The balance sheet of the private household needs to be sorted. This can either be done via the extremely painful and politically unacceptable Austrian way, or the slow death version the Jap are going through.

walla said...

SmokingGun said...


i think crowding out effect is only evident in normal times and not when confidence is shattered to its extreme... like what the recent US financial meltdown has demonstrated.. if there wasnt any help from govt, financial armaggeddon was to have ensued.

In times like this, governments NEED to take bold and active fiscal steps and not just fiddle with monetary policies like what the Japs essentially did.

The TARP and more closely the Malaysian example of Danaharta are good examples.. during those times, the least of your list of worries about is crowding out private sector investments.. cos no one in the private sector is even contemplating borrowings!

easystar said...


Thank you for your reply.

It is correct that crowding out during the TARP time was not really a concern. However, that has now past and going forward, no private sector investment = no growth.

Malaysia is different cos Malaysian government (used to anyway) get its money from Petronas et all rather than direct taxation. In the West, any deficit spending means delayed taxation and some people will adjust accordingly for the 'bad time' and business will plan accordingly against anticipated future taxation.

yauwenchin said...

wonderful analysis. it would be great if we have Richard Koo does a piece on Malaysia economics, perhaps Sali can consider the vacancy and write about the Holy Grail of Malaysia NEM, Not Enough Money scheme.

SmokingGun said...

Thanks Dali

Jeremiah said...

My feedback to Mr Koo's well written albeit repetitive book:

There is a huge difference between the corporate balance sheet recession of Japan and the recent consumer balance sheet recession of the US.
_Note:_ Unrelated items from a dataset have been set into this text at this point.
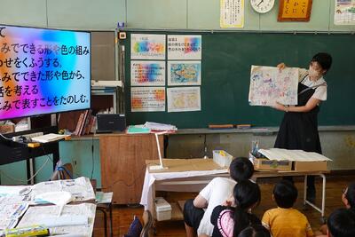 「にじんで広がる ものがたり」では、「ぼかし」の表現から表したいことを考え、作品づくりをしています。
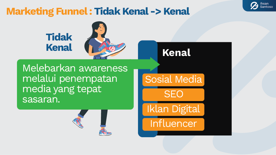 Pada tahap ini, target pasar berada pada posisi transisi, dari “tidak kenal” dengan kita, menjadi lebih tau “kenal” tentang merek kita. Karenanya, kita ingin menampilkan iklan-iklan di tempat yang sering dikunjungi oleh konsumen, seperti:
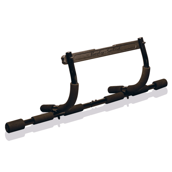 Fits doorways 29″ to 38″ wide, supports up to 300lbs. The Body Solid Mountless Pull Up / Push Up Bar is secured by downward force, an upward force may cause bar to dislodge. Doorway trim should be secure and at least 2″ wide.
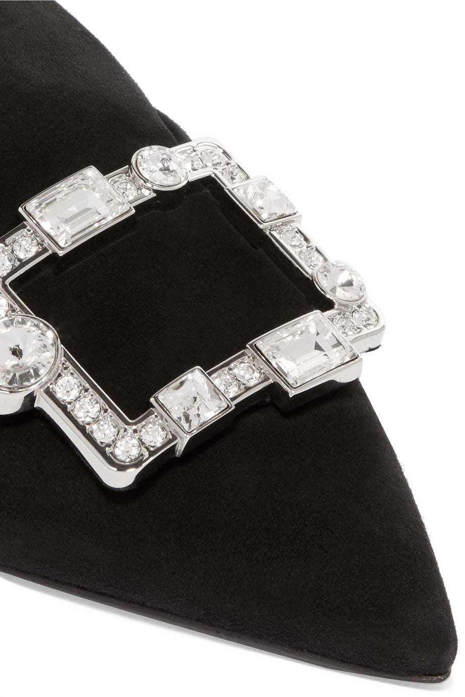 Black Vegan Suede Rhinestone Buckle Mule Loafers for Women
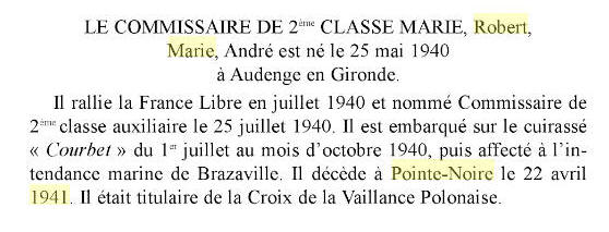 AUDENGE (Gironde) - Décédé le 22 avril 1941 à POINTE NOIRE
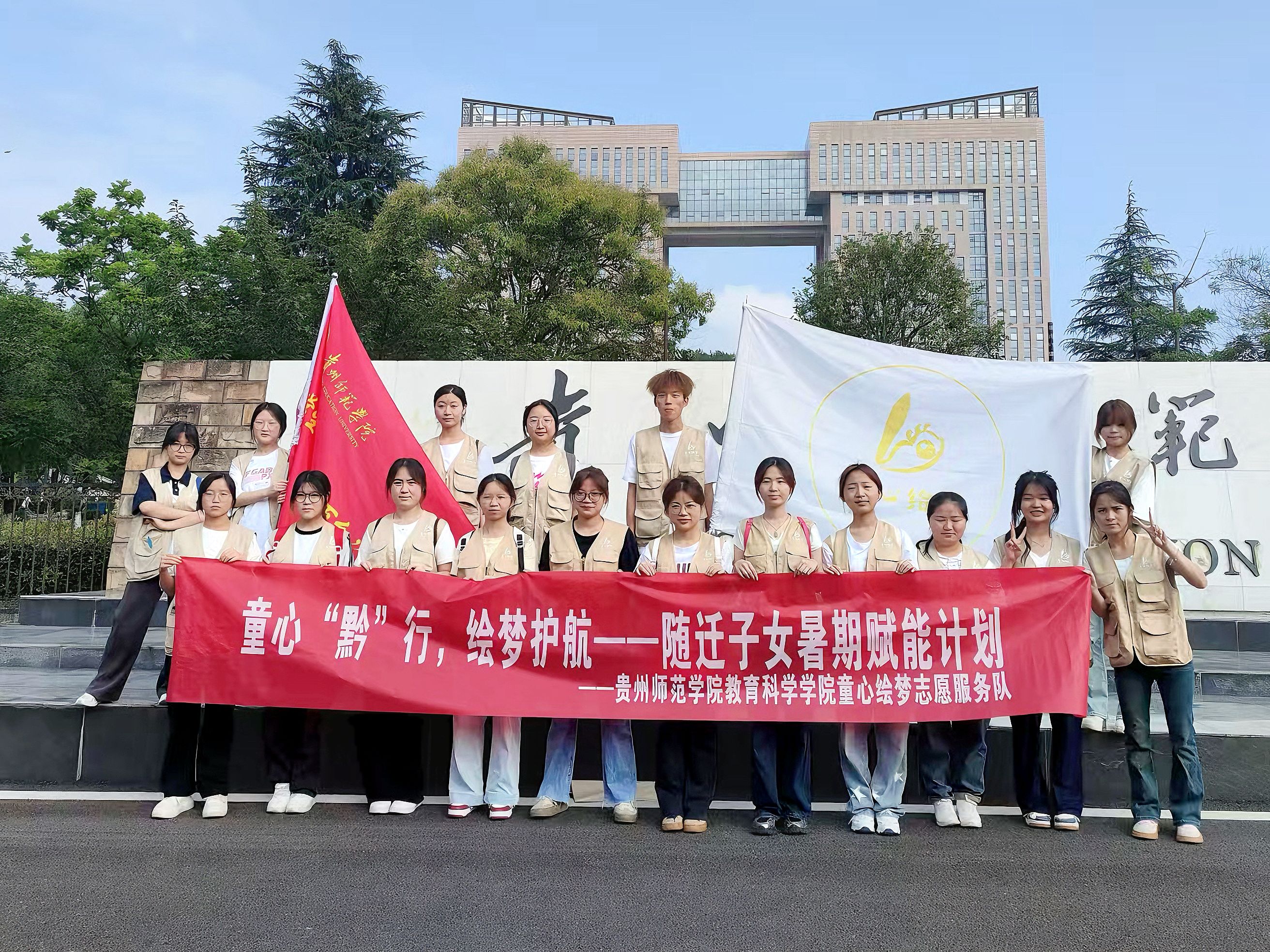 2025年大学生暑期“三下乡”社会实践活动正式拉开帷幕。童心绘梦志愿服务队20人走进了贵阳市云岩区扶风东路的益童乐园,开启了以“童心“黔”行 绘梦护航——随迁子女暑期赋能计划”为主题的实践服务活动。
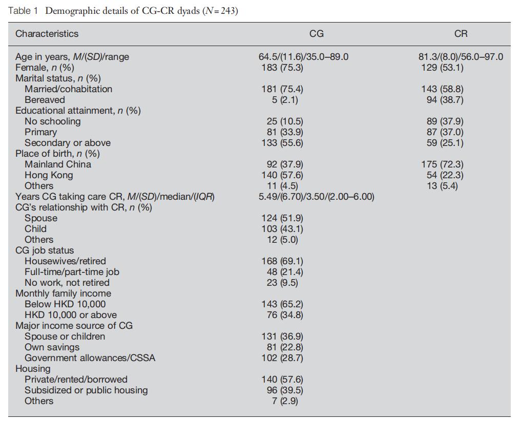 在本项目的介入过程中,共有243个案例完成基线访谈,其中201例完成随访,中止率为17.3%。就老年失智症照料者的性别而言,女性照料者(75.3%)比男性照料者更多,但被照料者的性别分布更为均衡(女性= 53.1%)。照料者和被照料者的平均年龄分别为64.5岁(范围为35 ~ 89岁)和81.3岁(范围为56 ~ 97岁)。参与项目的家庭照料者主要是配偶(51.9%)或子女(43.1%),平均照料年数为5.49年。表1详细描述了照料者和被照料者的人口学特征。
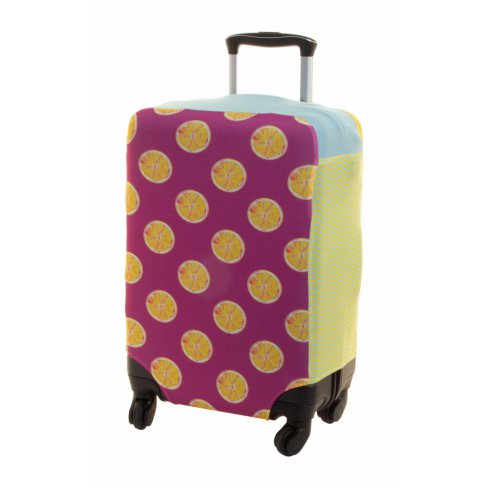 Personalizowany, poliestrowy pokrowiec na bagaż zapinany na rzep. Pasuje do dużych walizek o wymiarach do 50x70x30 cm. Z grafiką sublimacyjną na całej powierzchni. Min. ilość: 50 szt.
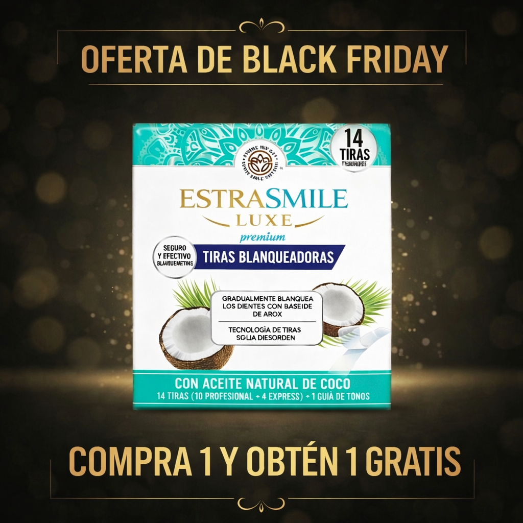 EstraSmile LUXE™ ofrece nuestra oferta más agresiva del año: compre un kit de blanqueamiento dental de 7 días y llévese el segundo totalmente gratis.Y lo respaldamos con nuestra garantía de devolución del dinero de 90 días.¿Por qué? Porque sabemos que funciona. Verá los resultados después de la primera tira. Podemos permitirnos estar tan seguros.
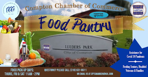 The new permanent location for the Compton Chamber Pantry is the Lueders Park Community Center located at 1500 East Rosecrans Ave. in Compton. The "Compton Chamber Pantry" will resume its operations at the new site on Monday, March 1st, 2021. The first food pick-up date open to public will be Wednesday, March 4th, 2021. The curb-side food distribution hours at the new site will be from 11:00 am to 2:00 pm on following days of the week: Thursday, Friday, and Saturday. Participating churches and other partner food distribution operations throughout the City of Compton will pick up their supplies on Wednesdays from 11:00...

When the government steps in to spend money on infrastructure, it will encourage businesses to repair their balance sheets and eventually expand their investments and borrow more from the banks. But in the US case, consumers will not be induced to borrow more even if the government raises spending. There are simply no new jobs created by the private sector.

The only solution is for the US economy to restructure itself to become more investment-driven rather than consumer-driven. A technological breakthrough is the catalyst for the former.